---------- Data excerpts ----------

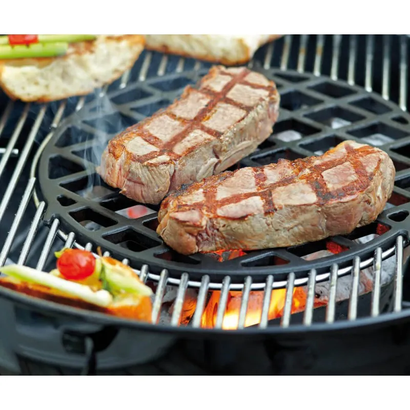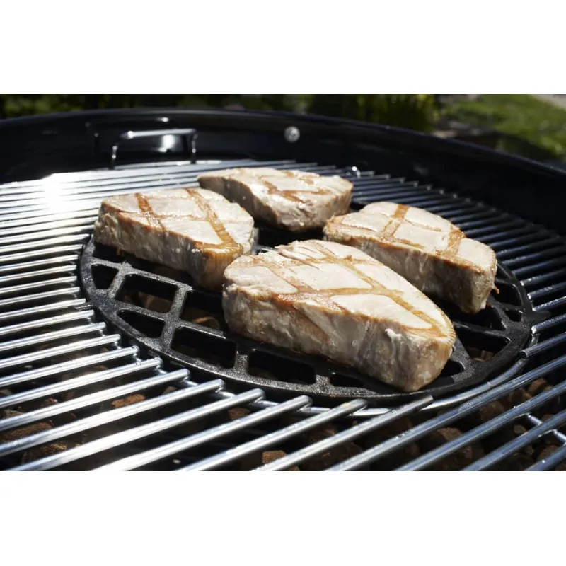 Стейкова решітка з чавуну - аксесуар для системи Gourmet BBQ System. Решітка дозволяє приготувати справжній стейк з характерними смужками. Не можна мити в посудомийній машині. Підходить для вугільних і газових грилів з модулем GBS чавунна решітка Sear Grate була спеціально розроблена для вугільних і газових грилів Weber, оснащених основною решіткою системи GBS® (Gourmet BBQ System) зі знімним центральним модулем. Обсмажуйте стейки або відбивні, щоб створити хрустку скоринку, зберегти соковитість і отримати чудовий візерунок. Sear Grate покрита антипригарною емаллю і ефективно розподіляє тепло по всій поверхні. Просто обсмажуйте їжу на решітці Sear Grate на прямому сильному жарі по 1-2 хвилини з кожного боку, а потім проведіть її в іншу частину основної решітки гриля, в зону непрямого жару, щоб довести її до готовності.
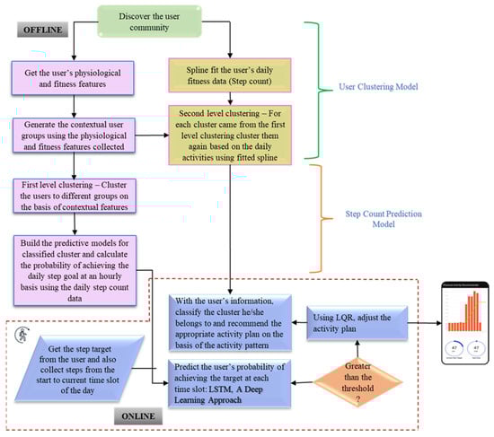 In first-level clustering, agglomerative hierarchical clustering groups users into contextual groups according to their physiological and calculated physical features. Agglomerative clustering is easy to implement, and it works on the basis of the dissimilarities between the objects to be grouped. The silhouette score was greatest for three clusters; hence, three contextual groups were chosen for the dataset. For the user group classification model, we used the random forest ensemble algorithm. For the partial features classification model, we attained an accuracy of 0.82, whereas, for the complete features classification model, we attained an accuracy of 0.97. The model was spline-fitted and used for second-level clustering, again using agglomerative hierarchical clustering, this time to group users according to daily activity. These clusters were used for the online part of the project. For the predictive model, the deep learning approach LSTM had the highest accuracy of 97.8%, followed by other algorithms such as SVM, RNN, and random forest with accuracies of 86.18%, 92.33%, and 94.47%, respectively. When the LQR model returned a value of 0, the users are recommended changes in their activity plan. The whole process was developed into an Android application to make it more user-friendly. Incorporating a drift detection and an automated model into the framework represent potential future improvements. Issues related to data security should also be addressed.
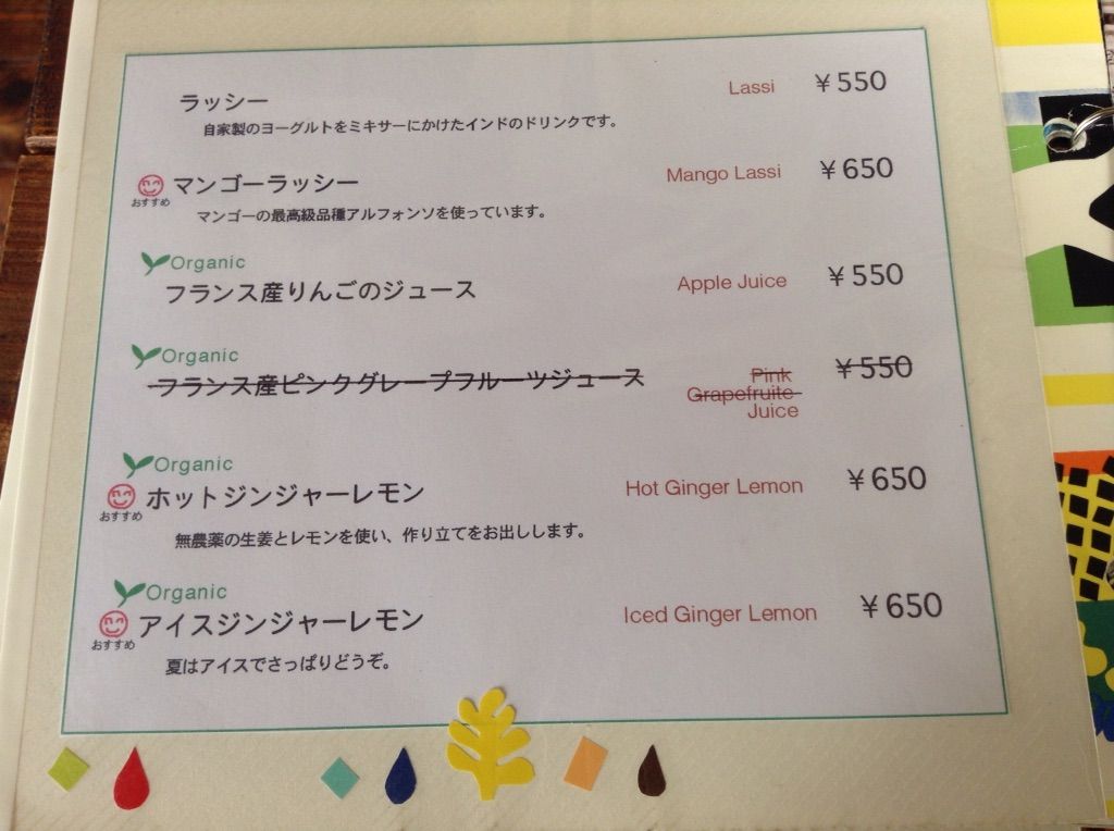 ドリンクのラインナップがすごいし、カレーもあるので、
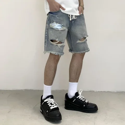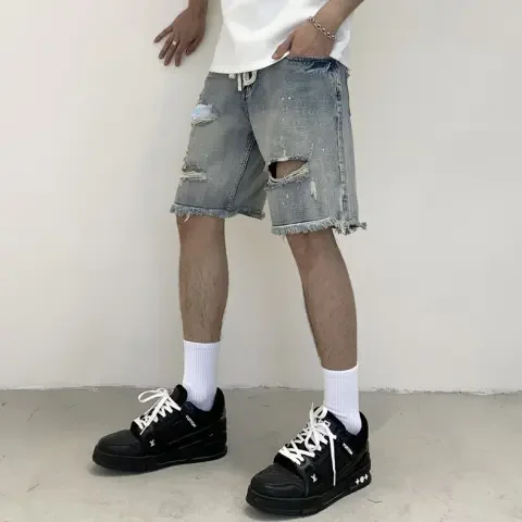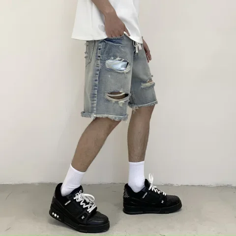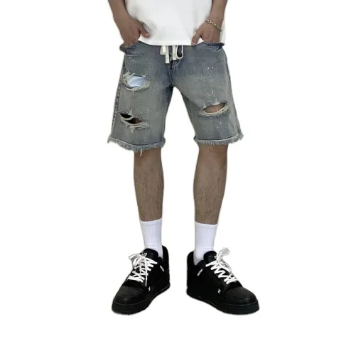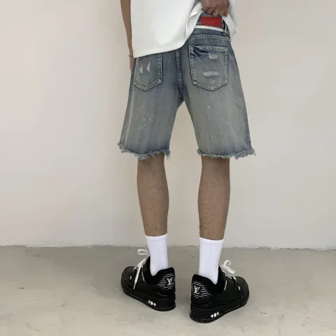 Denim High Quality Heavy Washed Denim Vintage Shorts Designer Fashion Jeans
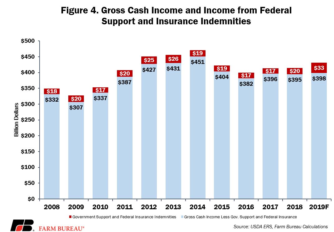 While a higher proportion of net farm income is expected to come from federal assistance programs in 2019 – 31%, according to USDA — as a proportion of total gross cash income, federal support is less than 10%, and over the last decade has averaged less than 5%. Importantly, this federal support includes more than ad hoc assistance and generally favors market-based assistance related to commodity prices or revenue and conservation-based incentives.
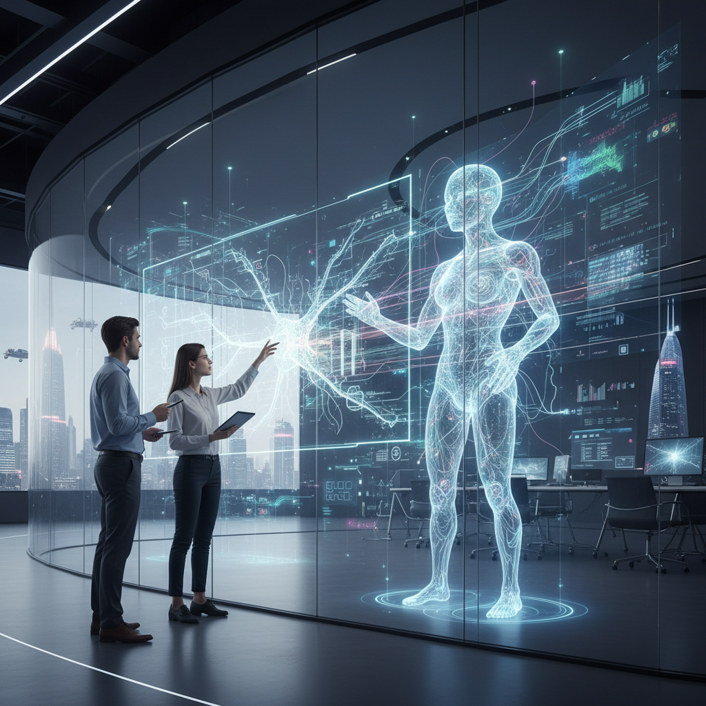 Alt: Futuristic photo of an AI hologram projecting data insights, emphasizing cutting-edge capabilities of online assistants.

----------

About this exercise>
Return the records exactly as they stand, and drop every picture.

Exercise answer>
 Стейкова решітка з чавуну - аксесуар для системи Gourmet BBQ System. Решітка дозволяє приготувати справжній стейк з характерними смужками. Не можна мити в посудомийній машині. Підходить для вугільних і газових грилів з модулем GBS чавунна решітка Sear Grate була спеціально розроблена для вугільних і газових грилів Weber, оснащених основною решіткою системи GBS® (Gourmet BBQ System) зі знімним центральним модулем. Обсмажуйте стейки або відбивні, щоб створити хрустку скоринку, зберегти соковитість і отримати чудовий візерунок. Sear Grate покрита антипригарною емаллю і ефективно розподіляє тепло по всій поверхні. Просто обсмажуйте їжу на решітці Sear Grate на прямому сильному жарі по 1-2 хвилини з кожного боку, а потім проведіть її в іншу частину основної решітки гриля, в зону непрямого жару, щоб довести її до готовності.
 In first-level clustering, agglomerative hierarchical clustering groups users into contextual groups according to their physiological and calculated physical features. Agglomerative clustering is easy to implement, and it works on the basis of the dissimilarities between the objects to be grouped. The silhouette score was greatest for three clusters; hence, three contextual groups were chosen for the dataset. For the user group classification model, we used the random forest ensemble algorithm. For the partial features classification model, we attained an accuracy of 0.82, whereas, for the complete features classification model, we attained an accuracy of 0.97. The model was spline-fitted and used for second-level clustering, again using agglomerative hierarchical clustering, this time to group users according to daily activity. These clusters were used for the online part of the project. For the predictive model, the deep learning approach LSTM had the highest accuracy of 97.8%, followed by other algorithms such as SVM, RNN, and random forest with accuracies of 86.18%, 92.33%, and 94.47%, respectively. When the LQR model returned a value of 0, the users are recommended changes in their activity plan. The whole process was developed into an Android application to make it more user-friendly. Incorporating a drift detection and an automated model into the framework represent potential future improvements. Issues related to data security should also be addressed.
 ドリンクのラインナップがすごいし、カレーもあるので、
 Denim High Quality Heavy Washed Denim Vintage Shorts Designer Fashion Jeans
 While a higher proportion of net farm income is expected to come from federal assistance programs in 2019 – 31%, according to USDA — as a proportion of total gross cash income, federal support is less than 10%, and over the last decade has averaged less than 5%. Importantly, this federal support includes more than ad hoc assistance and generally favors market-based assistance related to commodity prices or revenue and conservation-based incentives.
 Alt: Futuristic photo of an AI hologram projecting data insights, emphasizing cutting-edge capabilities of online assistants.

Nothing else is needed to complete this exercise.